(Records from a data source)
══════

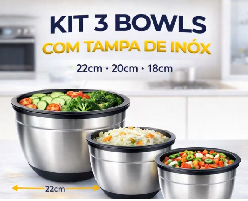Kit 3 Bowls Inox com Tampa Hermética
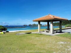 阿嘉島の中心である阿嘉集落のすぐ近くにある前浜ビーチ。前浜は現地の言葉でめーぬはまと読むそうです。ビーチの手前に東屋が一つありました。
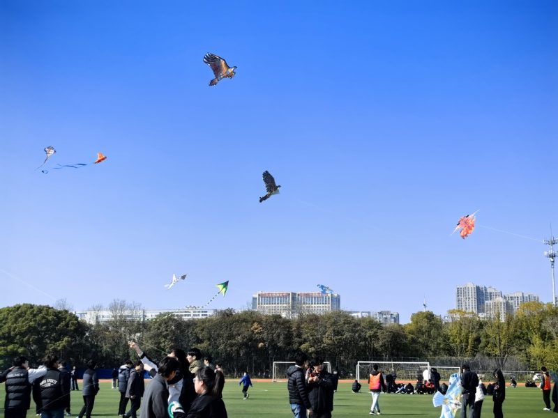 随着和煦春风拂面而来,放飞环节正式拉开序幕。大家纷纷带着亲手制作的风筝来到操场中央,一手握线轴、一手拉风筝线,迎着春风奔跑、放线、牵引,一系列动作娴熟有序。五彩斑斓的风筝次第升空,在蔚蓝的天空中自由翱翔、摇曳生姿,与春日的校园、奔跑的身影相映成趣,一只只高飞的风筝,承载着青春的梦想、亲子的温情与师生的情谊,更寄托着大家对未来的无限憧憬。
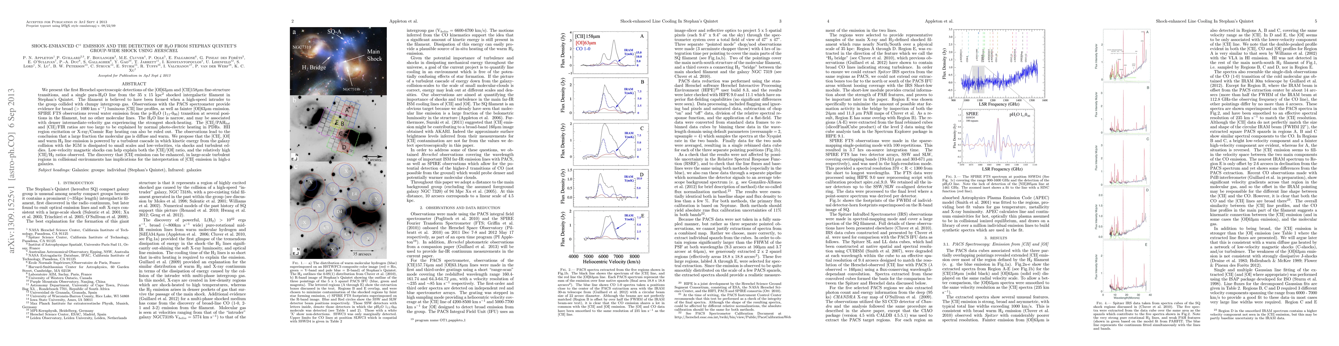 This paper reports the first detection of [OI]63, [CII]158 micron lines, and a para-H2O line from Stephan's Quintet's shocked intergalactic filament using Herschel. The observations suggest that kinetic energy from the galaxy collision with the IGM is dissipated via shocks and turbulent eddies, enhancing [CII] emission in turbulent regions.
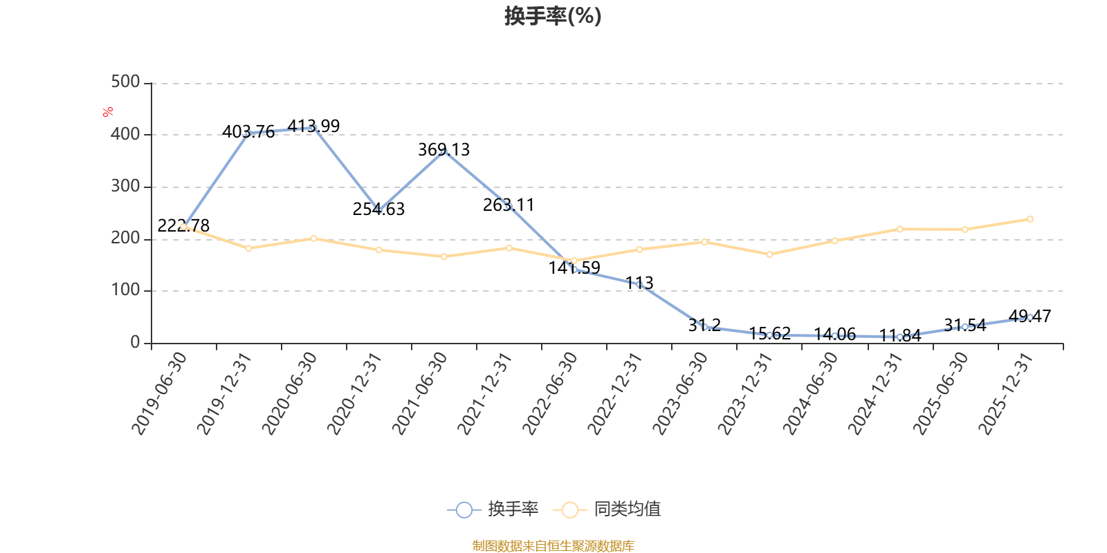 截至2025年12月31日,基金最近一年换手率约81.12%,持续4年低于同类均值。

══════

◆ **Your task**: Nothing but the lines from the one containing "阿嘉島の中心である阿嘉集落の" through the end of the entries is to be retyped, exactly as written and without pictures.

◆ **Written response**:
 阿嘉島の中心である阿嘉集落のすぐ近くにある前浜ビーチ。前浜は現地の言葉でめーぬはまと読むそうです。ビーチの手前に東屋が一つありました。
 随着和煦春风拂面而来,放飞环节正式拉开序幕。大家纷纷带着亲手制作的风筝来到操场中央,一手握线轴、一手拉风筝线,迎着春风奔跑、放线、牵引,一系列动作娴熟有序。五彩斑斓的风筝次第升空,在蔚蓝的天空中自由翱翔、摇曳生姿,与春日的校园、奔跑的身影相映成趣,一只只高飞的风筝,承载着青春的梦想、亲子的温情与师生的情谊,更寄托着大家对未来的无限憧憬。
 This paper reports the first detection of [OI]63, [CII]158 micron lines, and a para-H2O line from Stephan's Quintet's shocked intergalactic filament using Herschel. The observations suggest that kinetic energy from the galaxy collision with the IGM is dissipated via shocks and turbulent eddies, enhancing [CII] emission in turbulent regions.
 截至2025年12月31日,基金最近一年换手率约81.12%,持续4年低于同类均值。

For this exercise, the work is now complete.